What the task asks
Each line that contains "masomboly" needs to be copied from the listing.

═════ Dataset records ═════

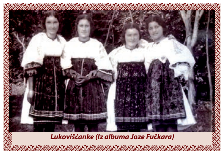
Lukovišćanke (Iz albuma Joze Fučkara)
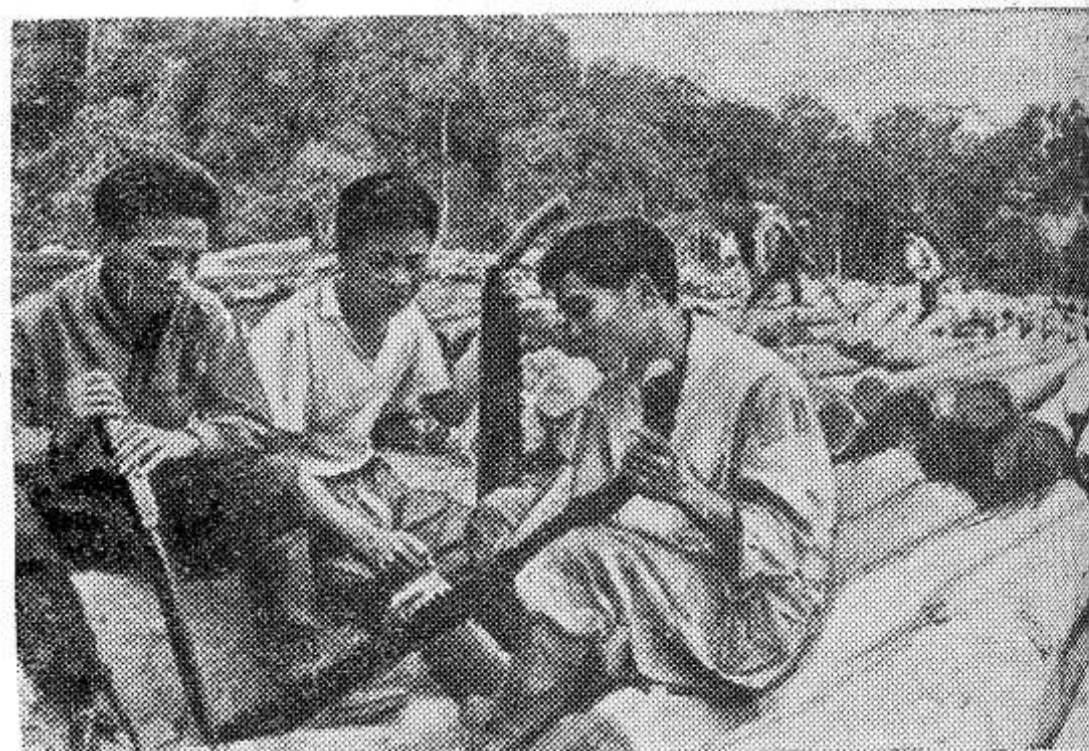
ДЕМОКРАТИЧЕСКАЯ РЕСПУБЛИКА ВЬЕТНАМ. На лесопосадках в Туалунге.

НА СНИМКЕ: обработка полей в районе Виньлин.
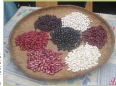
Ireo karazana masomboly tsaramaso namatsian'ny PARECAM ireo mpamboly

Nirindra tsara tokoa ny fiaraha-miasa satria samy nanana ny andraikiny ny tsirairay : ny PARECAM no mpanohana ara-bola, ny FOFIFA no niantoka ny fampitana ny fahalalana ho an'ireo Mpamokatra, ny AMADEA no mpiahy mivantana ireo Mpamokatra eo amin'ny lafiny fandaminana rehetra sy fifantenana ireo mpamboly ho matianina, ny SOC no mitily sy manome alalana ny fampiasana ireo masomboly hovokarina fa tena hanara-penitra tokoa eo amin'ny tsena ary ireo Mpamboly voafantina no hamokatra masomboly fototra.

═════
═════ Dataset records ═════

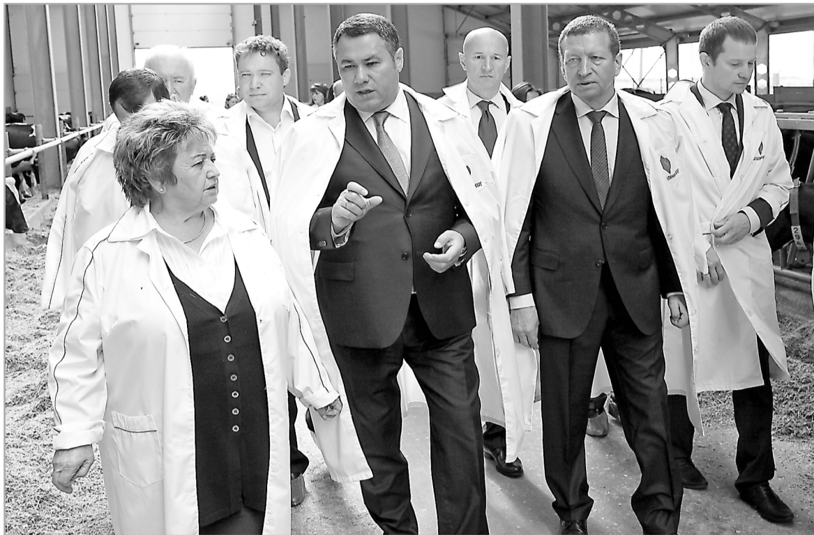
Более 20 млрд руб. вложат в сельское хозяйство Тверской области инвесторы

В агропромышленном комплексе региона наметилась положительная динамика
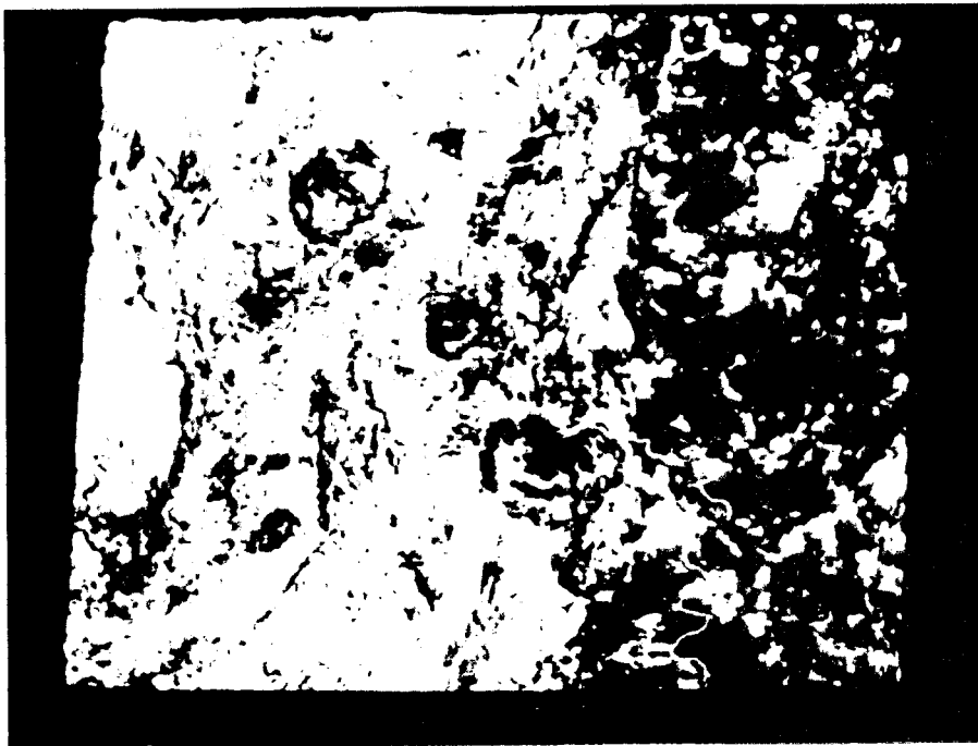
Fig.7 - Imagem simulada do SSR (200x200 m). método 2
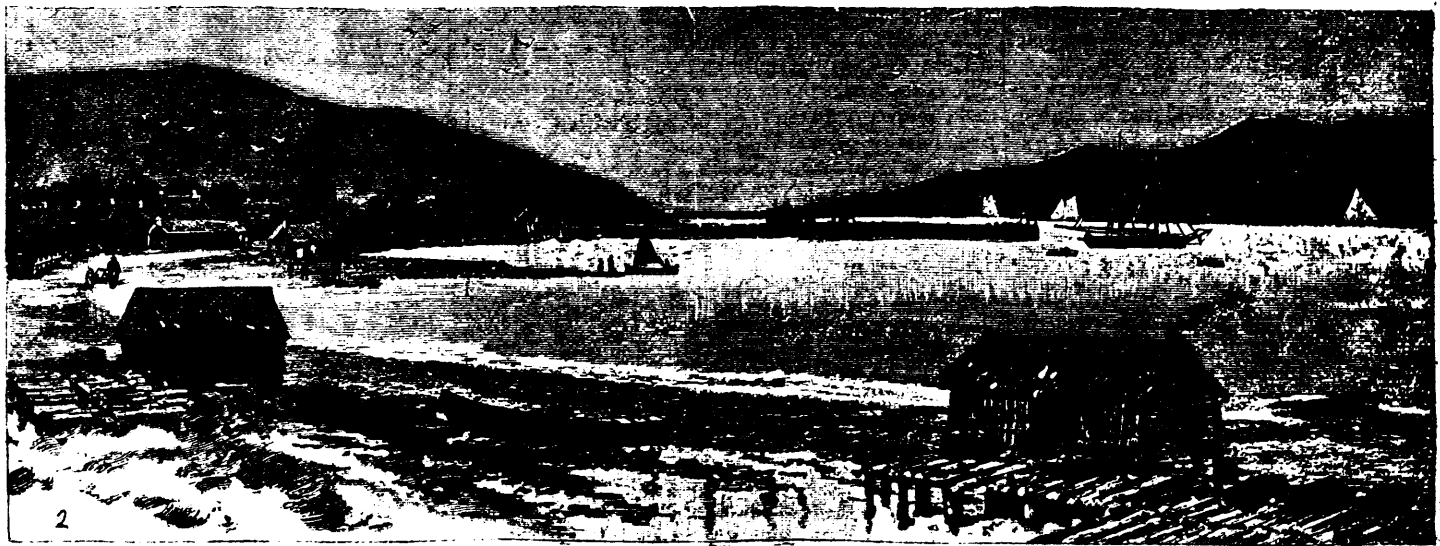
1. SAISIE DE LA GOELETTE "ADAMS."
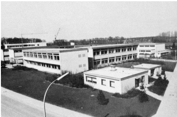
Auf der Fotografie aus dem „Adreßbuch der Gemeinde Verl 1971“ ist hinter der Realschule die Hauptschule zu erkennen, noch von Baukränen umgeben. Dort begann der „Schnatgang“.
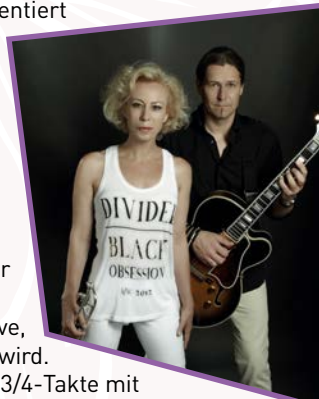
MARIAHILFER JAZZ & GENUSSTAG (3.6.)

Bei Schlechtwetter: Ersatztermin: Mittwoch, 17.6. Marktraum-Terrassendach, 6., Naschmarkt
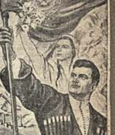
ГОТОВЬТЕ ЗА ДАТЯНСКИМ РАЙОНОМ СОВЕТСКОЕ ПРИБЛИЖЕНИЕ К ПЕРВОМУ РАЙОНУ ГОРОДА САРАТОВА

═════
═════ Dataset records ═════

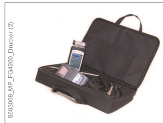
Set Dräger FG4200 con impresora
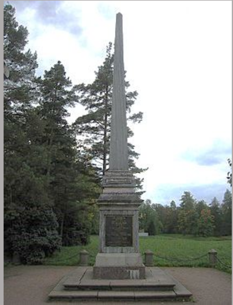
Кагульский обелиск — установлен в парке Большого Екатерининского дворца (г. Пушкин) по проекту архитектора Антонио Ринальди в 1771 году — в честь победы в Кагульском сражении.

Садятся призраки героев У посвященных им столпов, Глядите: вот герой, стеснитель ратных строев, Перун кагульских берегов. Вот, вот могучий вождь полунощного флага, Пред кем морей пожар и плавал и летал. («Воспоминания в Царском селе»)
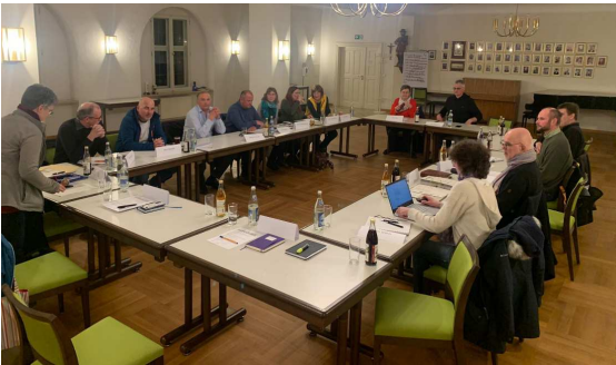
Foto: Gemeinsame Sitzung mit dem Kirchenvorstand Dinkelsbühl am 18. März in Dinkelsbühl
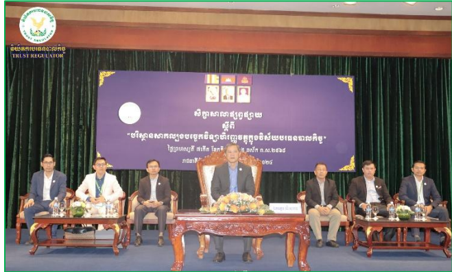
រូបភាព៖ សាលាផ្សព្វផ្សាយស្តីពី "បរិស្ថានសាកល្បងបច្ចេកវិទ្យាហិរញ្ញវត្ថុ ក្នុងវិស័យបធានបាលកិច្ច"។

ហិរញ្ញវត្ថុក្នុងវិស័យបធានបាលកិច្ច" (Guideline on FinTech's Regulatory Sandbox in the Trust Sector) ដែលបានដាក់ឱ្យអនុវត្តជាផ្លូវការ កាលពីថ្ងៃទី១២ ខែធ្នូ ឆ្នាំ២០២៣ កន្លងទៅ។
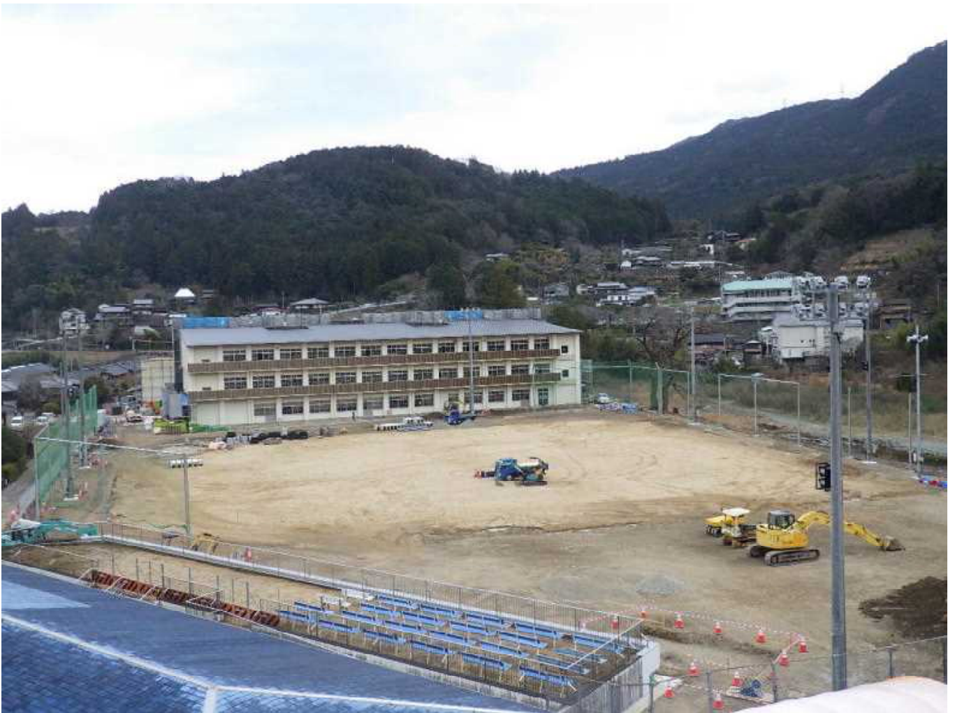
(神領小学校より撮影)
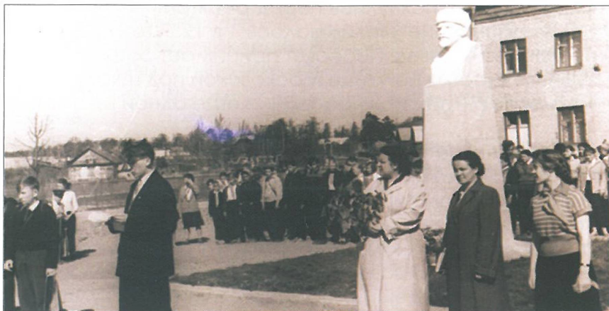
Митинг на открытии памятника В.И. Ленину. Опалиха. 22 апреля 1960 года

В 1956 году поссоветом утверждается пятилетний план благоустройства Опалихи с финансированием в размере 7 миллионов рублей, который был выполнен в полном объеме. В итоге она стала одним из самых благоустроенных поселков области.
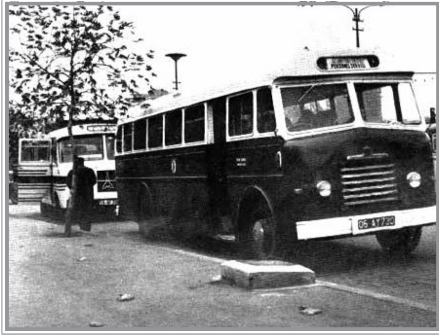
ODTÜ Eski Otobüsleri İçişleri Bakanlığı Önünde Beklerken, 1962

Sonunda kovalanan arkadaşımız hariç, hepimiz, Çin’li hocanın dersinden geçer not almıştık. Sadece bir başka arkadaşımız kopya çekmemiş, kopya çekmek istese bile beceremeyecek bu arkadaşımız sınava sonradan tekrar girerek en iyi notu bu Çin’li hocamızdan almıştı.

═════

Expected answer
Ireo karazana masomboly tsaramaso namatsian'ny PARECAM ireo mpamboly
Nirindra tsara tokoa ny fiaraha-miasa satria samy nanana ny andraikiny ny tsirairay : ny PARECAM no mpanohana ara-bola, ny FOFIFA no niantoka ny fampitana ny fahalalana ho an'ireo Mpamokatra, ny AMADEA no mpiahy mivantana ireo Mpamokatra eo amin'ny lafiny fandaminana rehetra sy fifantenana ireo mpamboly ho matianina, ny SOC no mitily sy manome alalana ny fampiasana ireo masomboly hovokarina fa tena hanara-penitra tokoa eo amin'ny tsena ary ireo Mpamboly voafantina no hamokatra masomboly fototra.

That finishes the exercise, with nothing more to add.